UTILIZATION OF THE CHANNEL CATFISH GENOME ASSEMBLY IN A SELECTIVE BREEDING PROGRAM.  

We have produced a catfish genome sequence assembly in cooperation with scientists from Auburn University in order to support genomic research in channel catfish.  The assembly is based on Illumina sequencing data obtained from a homozygous, doubled haploid channel catfish. Contiguous sequence was assembled using the MaSuRCA pipeline, and contigs were scaffolded using paired Illumina sequences from libraries of 3 kb, 8 kb, and 34 kb insert size. The final phase of automated assembly utilized Illumina and PacBio sequence to fill intrascaffold gaps, and these gaps comprised only 1.4% of the assembly. Scaffolds were aligned to the high density genetic map and scaffolding errors were corrected manually. The resulting assembly contained 645 scaffolds (761 Mb) linked to chromosomes with an average scaffold length of 1.2 Mb.  An additional 9,408 small scaffolds (average length 2.7 kb) contained 22 Mb that could not be linked to chromosomes. The homozygous reference genome, PCR-Free Illumina libraries, long PacBio sequences, and scaffold correction guided by the genetic map contributed to a high level of contiguity and accuracy of the assembly.

In order to identify sequence variation within our Delta Select breeding population, genomic DNA was isolated from 48 founder animals, sheared, and fragments from 500-600bp length were isolated with a BluePippin instrument. PCR-Free libraries were produced and sequenced on the Illumina NextSeq 500 platform to provide 25 to 40 million paired reads per animal. Sequences were aligned to the reference genome and processed through the Genome Analysis Toolkit (GATK) variant discovery pipeline for identification of single nucleotide polymorphisms (SNP) and structural variants, such as insertions and deletions, that are segregating in this population. Twelve million raw SNPs were filtered to remove strand bias, excessive depth of coverage, and loci within 50 bp of other SNPs or structural variants. This resulted in 1.6 million SNPs with a minor allele frequency of at least 0.05.

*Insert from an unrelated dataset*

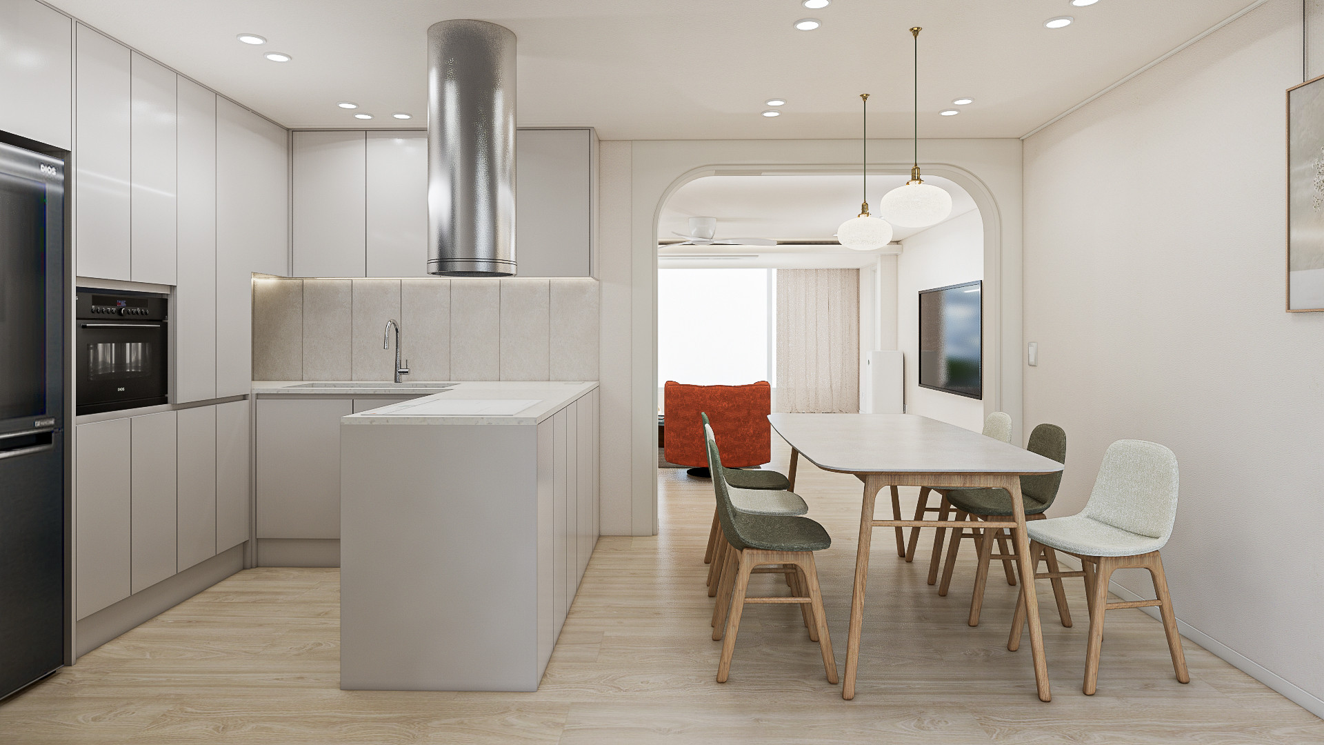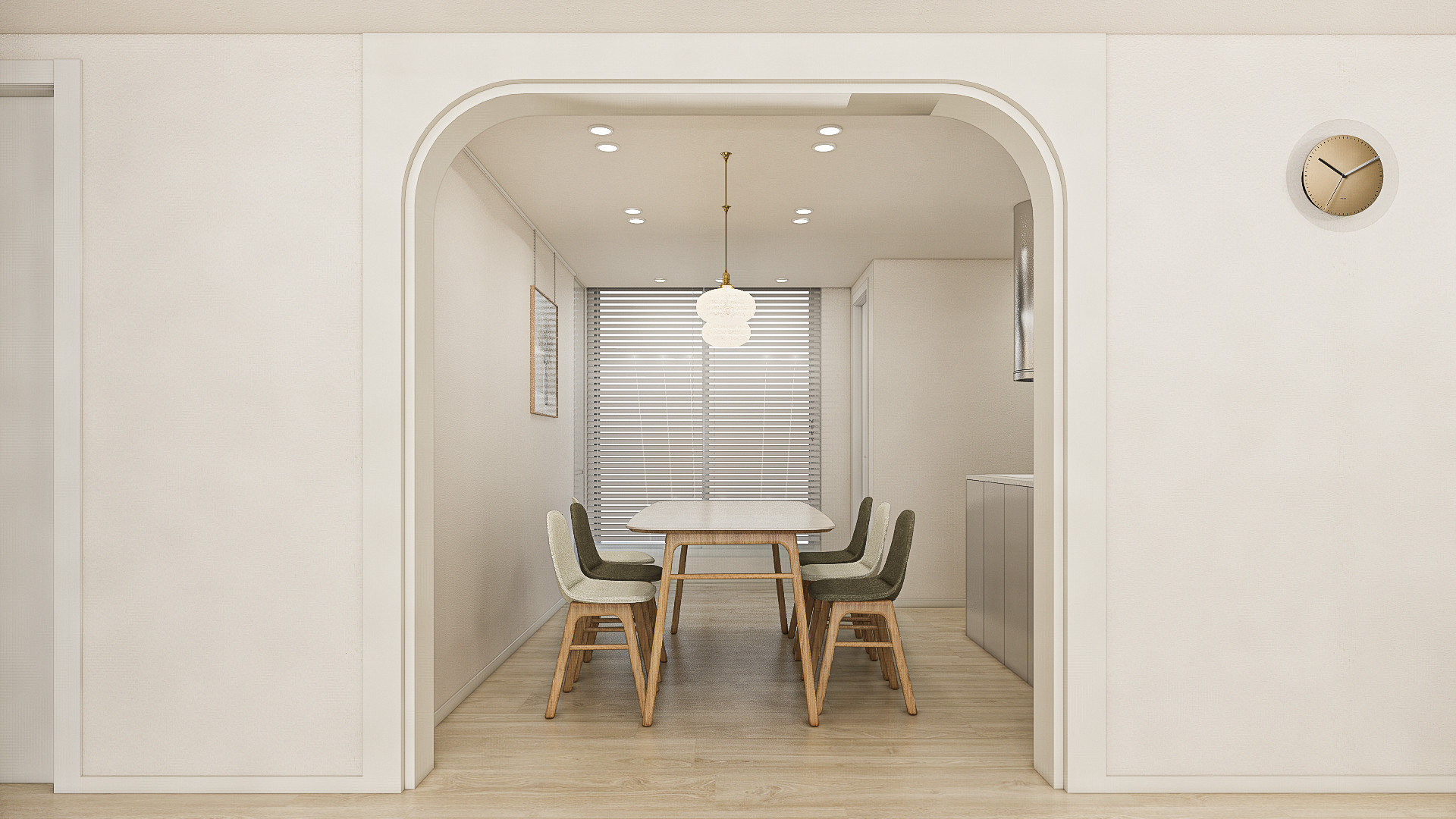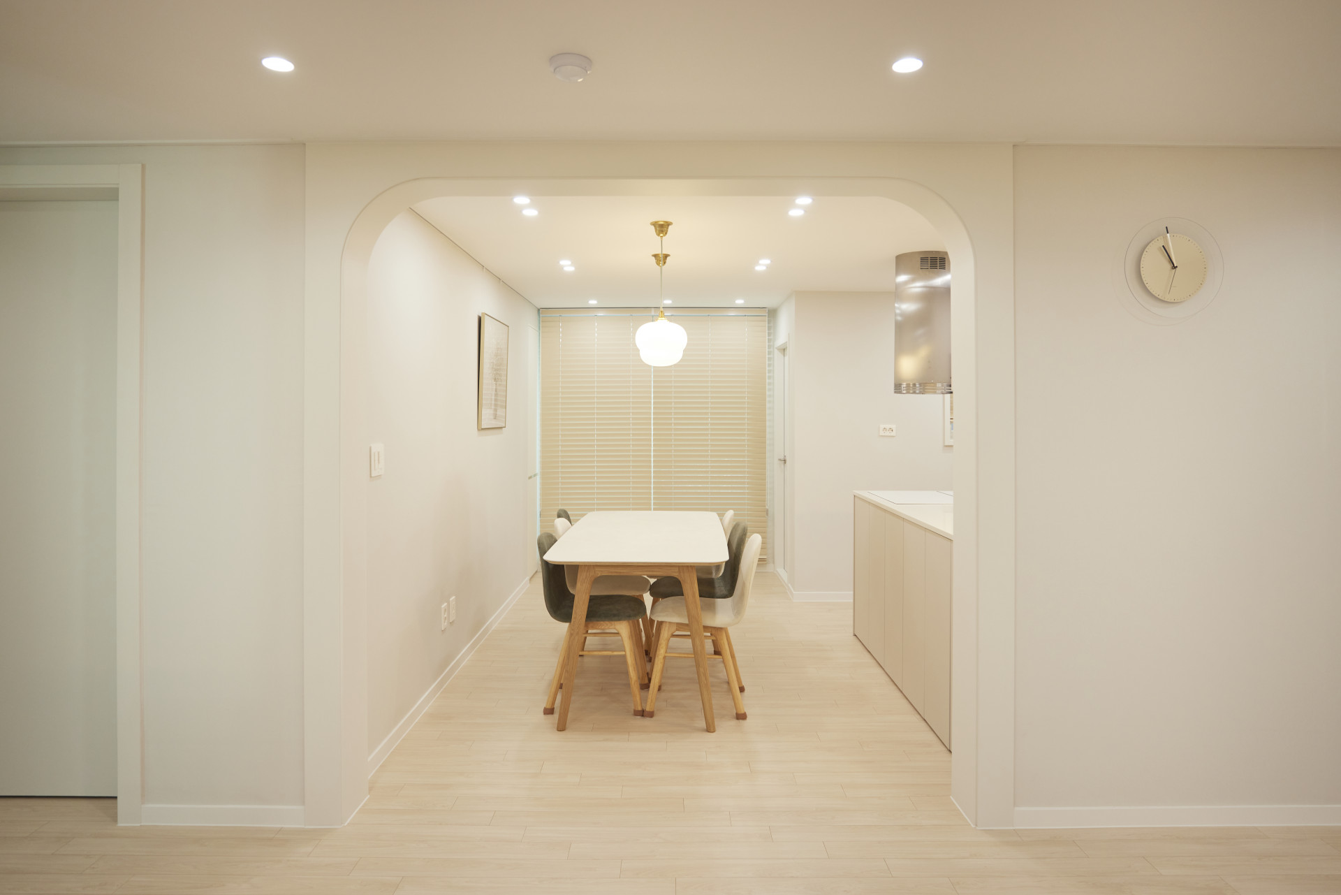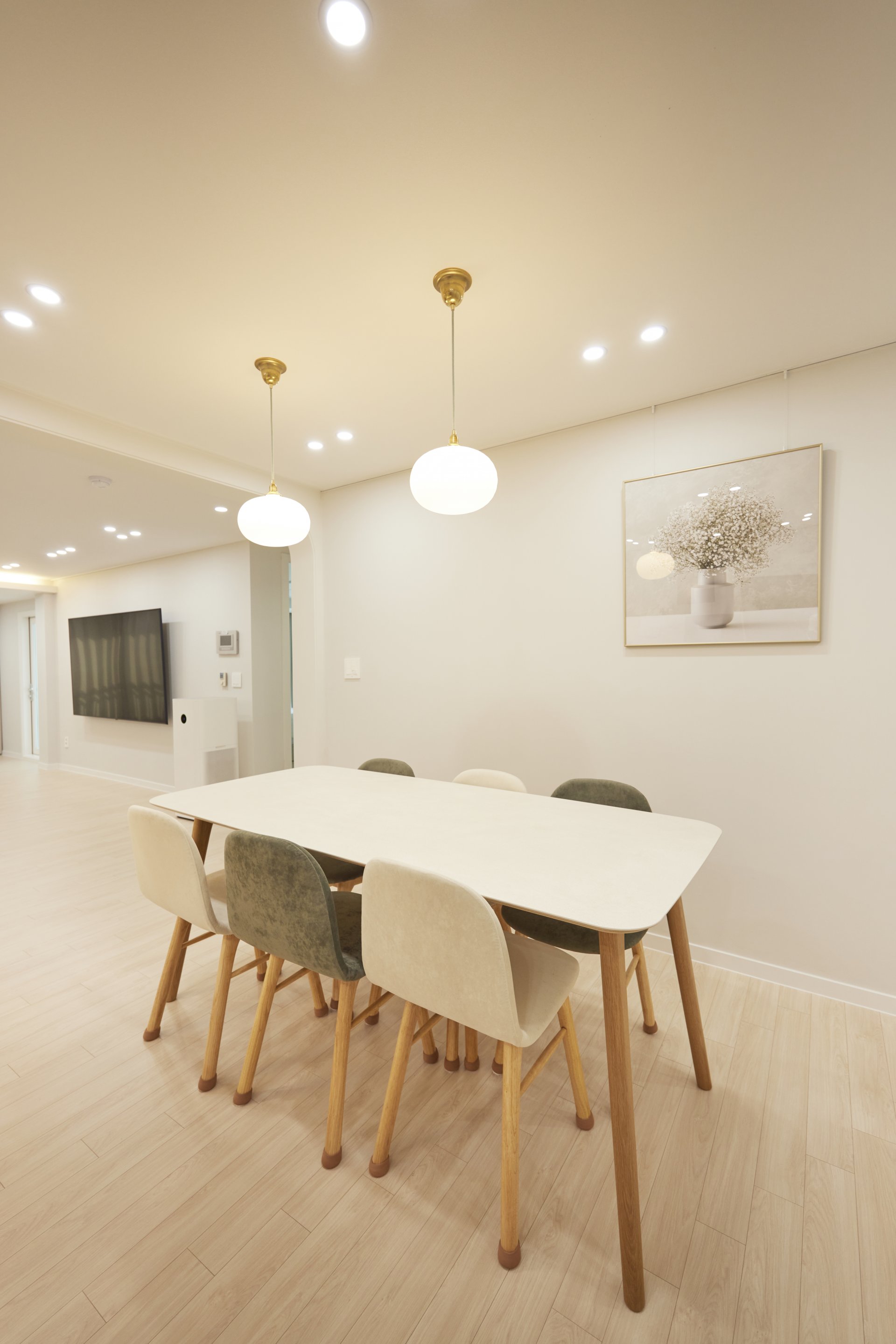 다이닝 공간의 전체적인 색감은 자연스럽고 편안한 무드가 느껴지는 베이지와 적당하게 무게감 있으며 세련된 무드를 더해주는 그린색으로 조합하여 안정적인 분위기를 연출하였습니다. 더불어 유광 골드소재가 포인트로 가미된 팬던트를 함께 매치하여 동시에 화려함이 느껴집니다. 선이 강조된 견고한 우드 소재의 다릿발이 특징인 식탁과 의자를 사용하였으며, 그린과 아이보리컬러의 기능성 패브릭의 의자를 교차로 사용하여 재밌으면서 따뜻한 무드가 연출됩니다.

Integrating the genome assembly with the genetic map thus increased the number of localized SNP markers with higher accuracy in marker position along the scaffold. For example, chromosome 1 contained 1,016 SNP markers on the genetic map, but 79,273 SNP markers on the chromosome 1 scaffolds. Thus the number of SNPs per centimorgan distance increased from 4 to 570 on this chromosome. Current research involves the independent validation of SNP markers through a genotyping array. A SNP array will then be designed for genotyping of phenotyped animals to resolve genomic relationships between tested animals in order to improve the accuracy of estimated breeding values. We are also identifying larger structural variants in the Delta Select population and smaller structural variants (such as indels and microsatellite loci) useful for targeted analysis.